EXERCISE INPUTS.
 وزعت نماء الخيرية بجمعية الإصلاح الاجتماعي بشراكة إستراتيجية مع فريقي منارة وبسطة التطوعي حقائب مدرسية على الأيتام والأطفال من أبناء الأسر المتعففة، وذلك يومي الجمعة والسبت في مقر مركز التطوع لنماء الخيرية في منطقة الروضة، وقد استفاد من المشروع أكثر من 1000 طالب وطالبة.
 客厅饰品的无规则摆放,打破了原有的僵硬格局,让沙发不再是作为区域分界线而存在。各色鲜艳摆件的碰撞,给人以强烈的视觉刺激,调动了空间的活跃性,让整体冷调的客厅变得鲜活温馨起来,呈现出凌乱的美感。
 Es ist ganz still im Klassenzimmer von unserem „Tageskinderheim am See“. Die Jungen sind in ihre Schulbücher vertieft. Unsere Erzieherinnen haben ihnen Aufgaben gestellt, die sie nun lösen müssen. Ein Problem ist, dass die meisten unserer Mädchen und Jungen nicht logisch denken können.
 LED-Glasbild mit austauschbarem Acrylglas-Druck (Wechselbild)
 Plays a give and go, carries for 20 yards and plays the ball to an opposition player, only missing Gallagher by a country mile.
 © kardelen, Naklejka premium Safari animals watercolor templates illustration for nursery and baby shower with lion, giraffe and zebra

--

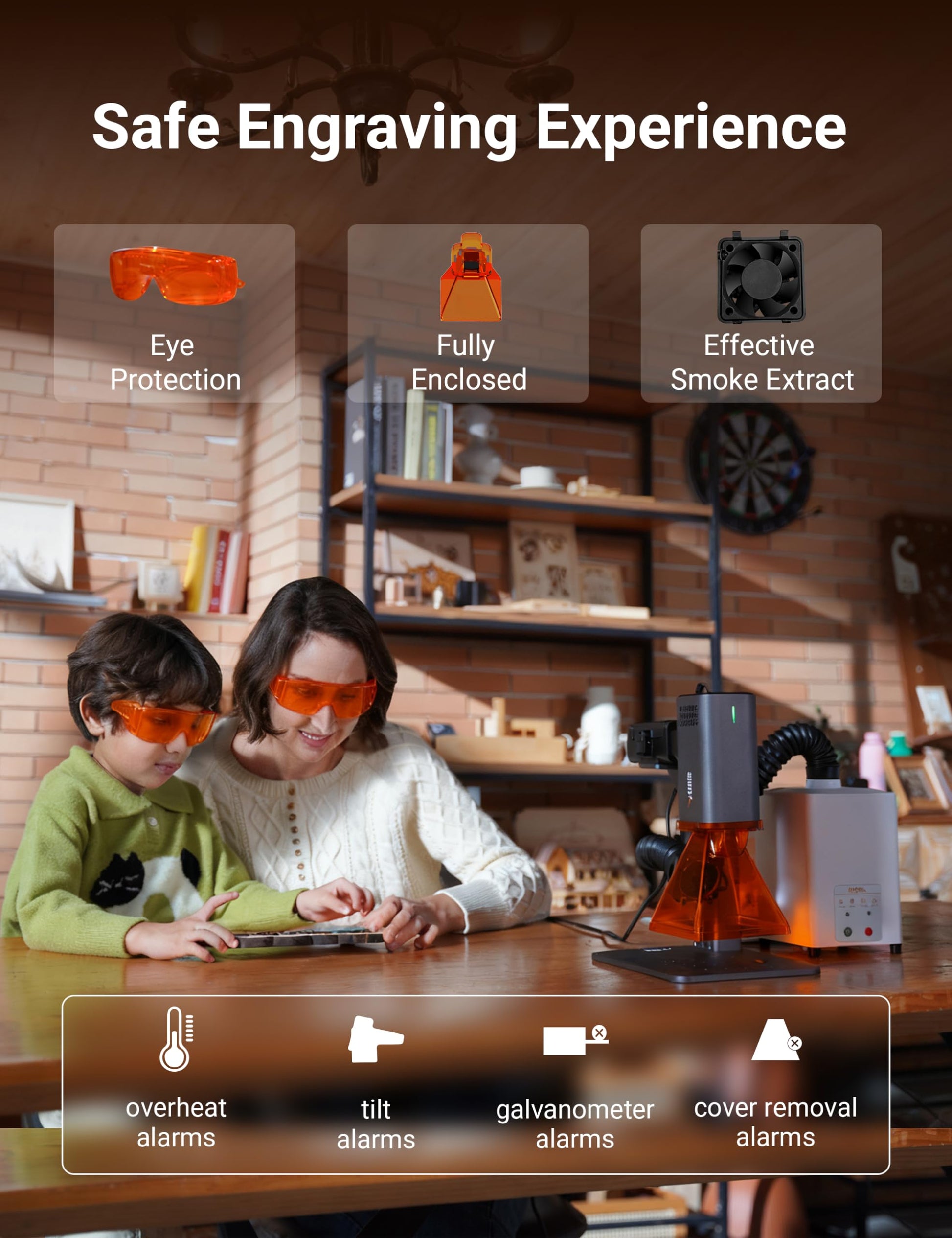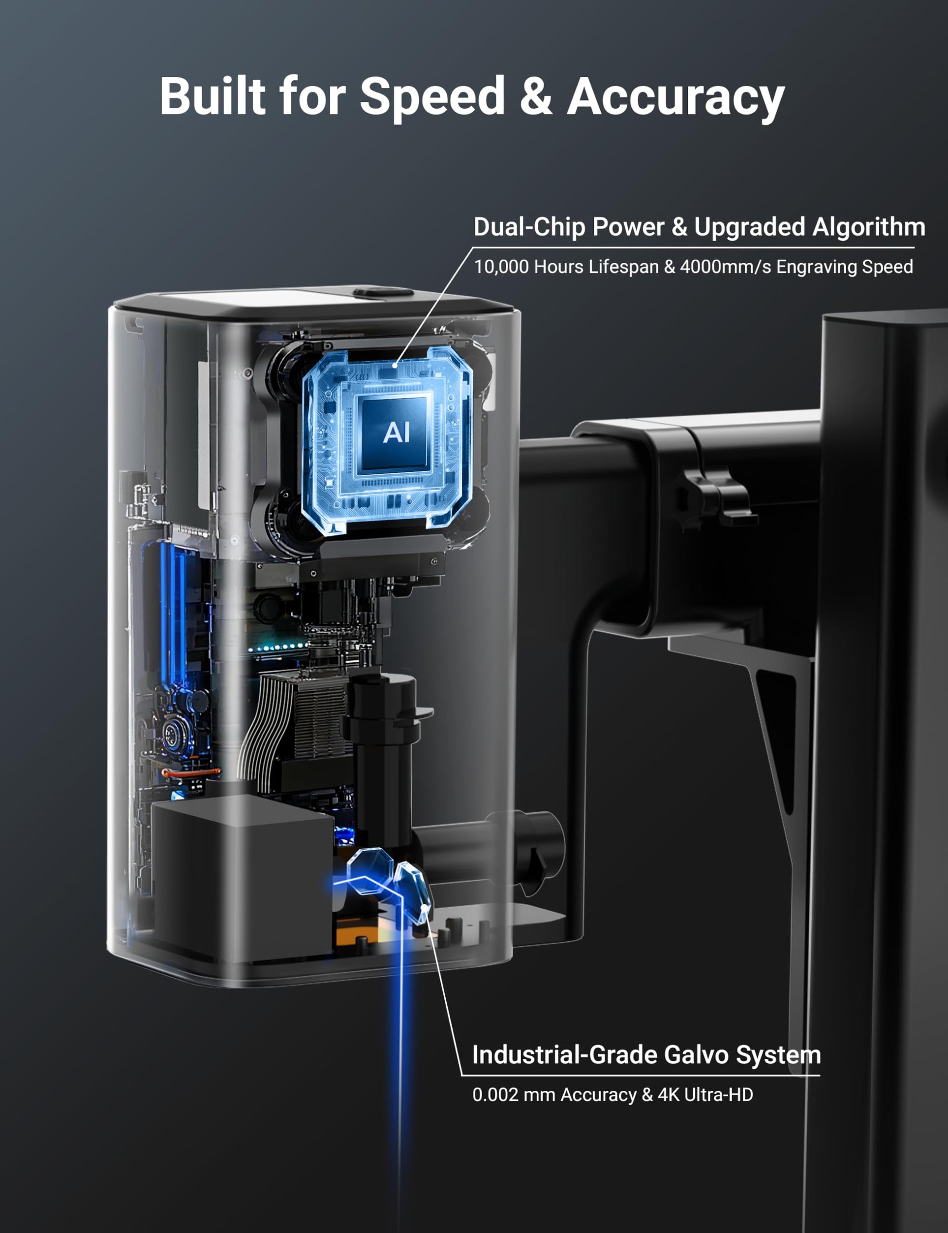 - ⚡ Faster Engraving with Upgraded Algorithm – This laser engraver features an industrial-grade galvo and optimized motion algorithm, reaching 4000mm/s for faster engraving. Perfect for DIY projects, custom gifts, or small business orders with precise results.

EXERCISE REQUIREMENTS.
Copy the records above exactly, beginning at the line that contains "Plays a give" and stopping after the line that contains "giraffe and zebra".

SOLUTION FOR THIS PROBLEM.
 Plays a give and go, carries for 20 yards and plays the ball to an opposition player, only missing Gallagher by a country mile.
 © kardelen, Naklejka premium Safari animals watercolor templates illustration for nursery and baby shower with lion, giraffe and zebra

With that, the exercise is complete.